Using AI to search your own docs

RAG is useful when the answer already exists inside the company, but people waste time finding it. The source might be a support article, a Notion page, a ticket, a README, a policy document, or an old product spec.

The system searches those sources first, then gives the relevant text to the model. The model uses that context to write an answer, ideally with links back to the original documents. The citation matters because the person reading the answer needs a way to verify it.

Company-specific answers

A general model can write something that sounds like a refund policy, onboarding answer, or compliance explanation. That does not mean it knows your actual policy. For support, finance, operations, and product work, a plausible answer is often worse than no answer.

A RAG system should narrow the model’s job. It should retrieve the right context, pass that context to the model, and make the source visible. If the system cannot find a relevant source, it should say so instead of filling the gap with a guess.

The best first use case is usually a document set that people already trust. Support teams can search product behaviour, new engineers can search setup notes, product managers can search old decisions, and operations teams can search procedures without asking the same person every time.

The system will not repair bad source material. If the documents are outdated, duplicated, or contradictory, the answer will inherit those problems. Someone still needs to own the content and decide which sources count.
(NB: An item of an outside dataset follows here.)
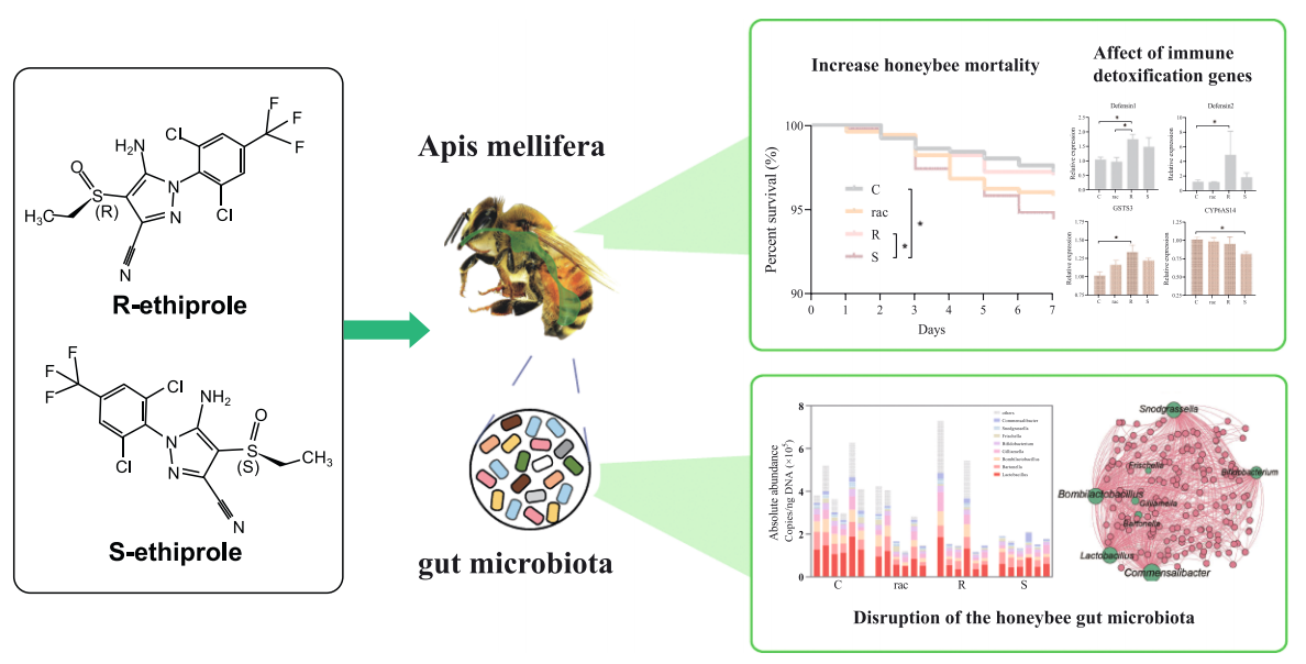 廣泛使用的農藥被認為是導致蜜蜂種群下降的主要因素之一。先前的研究表明,手性農藥的對映體可能對蜜蜂具有不同的毒性,但農藥對映體對蜜蜂及其腸道微生物的影響仍不清楚。該研究評估了蜜蜂在15 μg/L濃度下暴露于乙蟲(chóng)腈對映體后的腸道微生物及其宿主毒性。與蔗糖對照組和R-乙蟲(chóng)腈相比,S-乙蟲(chóng)腈暴露顯著(zhù)降低了蜜蜂的存活率。值得注意的是,暴露于乙蟲(chóng)腈及其對映體的蜜蜂影響了蔗糖消耗和體重,并出現了腸道變薄和退化的情況。通過(guò)對蜜蜂腸道的16S rRNA基因擴增子測序發(fā)現,乙蟲(chóng)腈及其對映體顯著(zhù)破壞了微生物群落。相比之下,S-乙蟲(chóng)腈暴露顯著(zhù)減少了群落規模和多樣性,并表現出較低的生態(tài)位寬度。

Retrieval, permissions, and citations

The model is only one part of the system. The less visible parts usually matter more: document sync, permissions, chunking, ranking, citations, logs, and feedback. Without those pieces, the first demo may look good while the real product stays unreliable.

A good first version should be narrow. Pick one source, one group of users, and a small set of questions. Track the answers it gets wrong before adding more tools or more documents.